Résultats à la loupe
Si les femmes possèdent des voies aériennes plus petites, la limitation de leur débit expiratoire n’est, contre toute attente, visiblement pas plus importante que celle de la gent masculine. Au contraire, elle l’est même moins. « C’est complètement novateur, précise Antoine Raberin. Car on postulait clairement le contraire au départ. » Donc, en moyenne, « les femmes ne présentent pas plus de limites mécaniques à la ventilation, poursuit le spécialiste, ce qui témoigne d’une bonne harmonie fonctionnelle entre capacité et demande ventilatoire à l’effort. » D’autres travaux ont cependant montré que des voies aériennes plus petites augmentaient les résistances à l’écoulement de l’air. Ce qui, dès lors, induit une fatigue accrue du diaphragme chez ces dames en altitude.
« La respiration compte pour 15% de notre dépense énergétique totale. Donc, en rendant la respiration plus efficace, on augmente la performance. »

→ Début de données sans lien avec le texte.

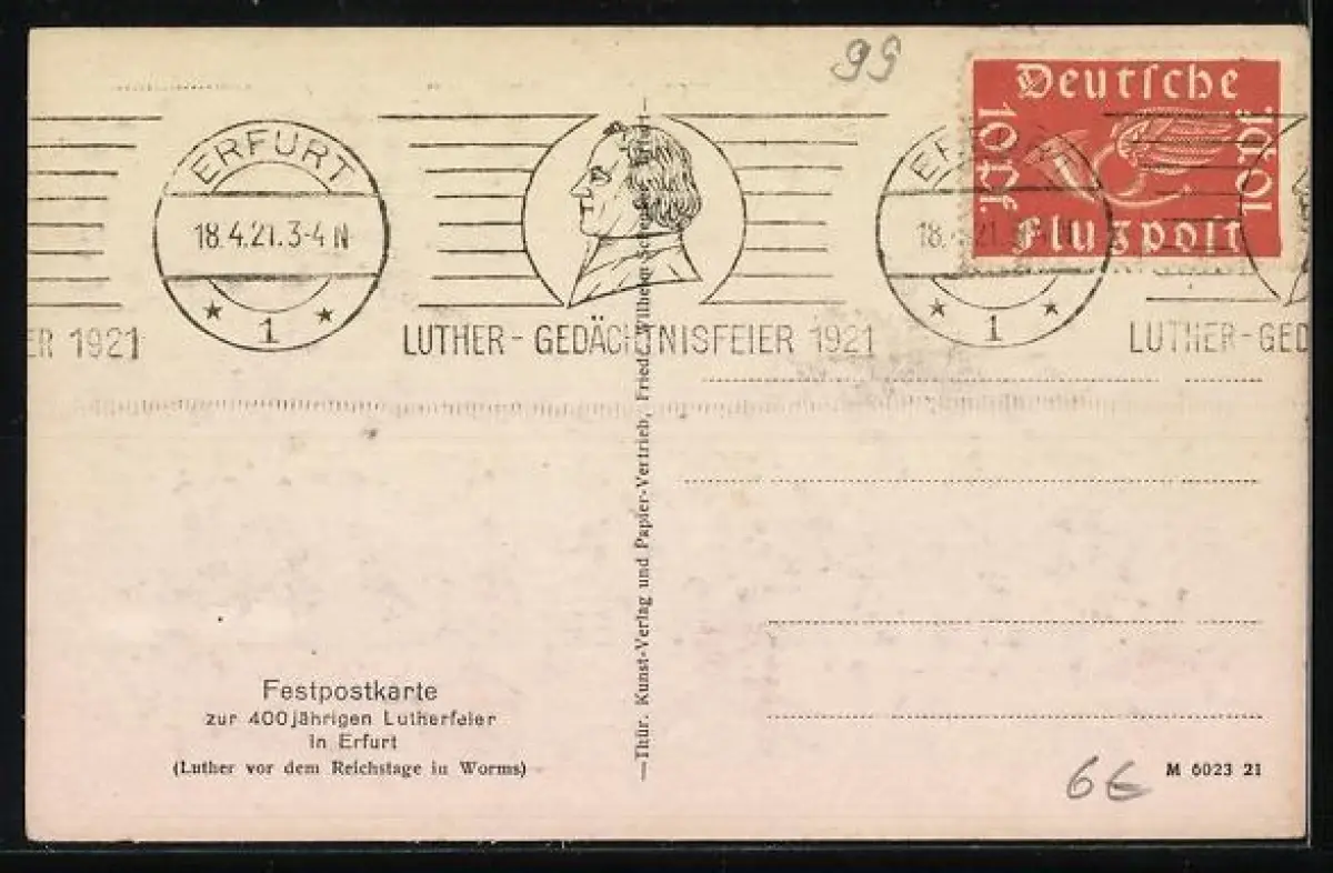 AK Erfurt, Augustinerkirche, Lutherdenkmal, 400-jährige Lutherfeier 1921
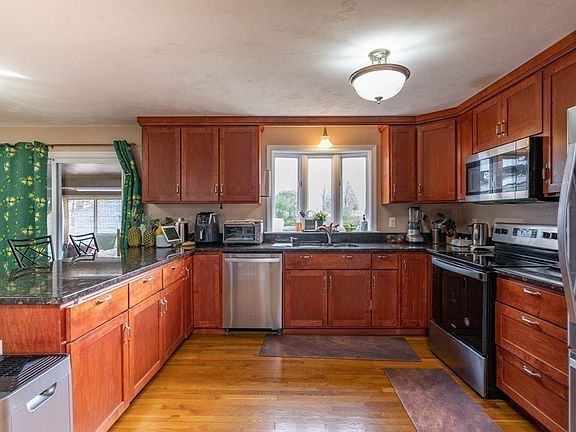 Located in the sought after Kennedy school district, this spacious colonial sits on a private, .75+ acre lot with 4 bedrooms, 2.5 baths, a 1 car garage! 1st floor features beautiful hardwoods throughout, primary bedroom with en suite full bath, dining room, half bath, updated kitchen with maple cabinets, granite countertops, stainless steel appliances; dishwasher (2023), oven and microwave (2020), fridge (2017), and slider leading to large 11x14ft screened 3-season porch. 2nd floor features large living room with cathedral ceilings, functioning wood burning fireplace, walk out composite deck (2020), 3 additional spacious bedrooms (carpet 2018), full bath and dedicated laundry room! Bonus storage space in the attic. Large, private yard with shed. Large unfinished basement, brand new furnace (2023), town water/sewer, 200 amp electric. Close proximity to 495, commuter rail, local shopping centers, restaurants, and more!

Grégoire Millet, professeur associé à l’Institut des sciences du sport de l’UNIL
La recherche menée par le groupe de l’Issul a aussi permis de fournir de précieuses données sur l’hypoxémie. Un phénomène qui se manifeste par la diminution de l’oxygène dans le sang durant l’exercice et qui peut conduire à des troubles du rythme cardiaque, voire dans les cas plus graves à un coma ou un décès. Chez les hommes le sujet a largement été étudié. On sait que l’effet de l’entraînement en endurance accroît grandement le risque de développer de l’hypoxémie. Car « c’est une forme d’hyperadaptation à l’entraînement dans laquelle le système cardiovasculaire devient trop fort par rapport au système respiratoire, précise Antoine Raberin. En effet, à moins de s’y attarder de façon très spécifique, le système pulmonaire n’est pratiquement pas entraînable. » Pour les hommes non spécifiquement entraînés en endurance, on sait qu’en revanche le risque de développer de l’hypoxémie est nul. Mais alors qu’en est-il de la gent féminine ? Zone grise de la recherche, on a longtemps pensé que la logique devait être la même chez les femmes.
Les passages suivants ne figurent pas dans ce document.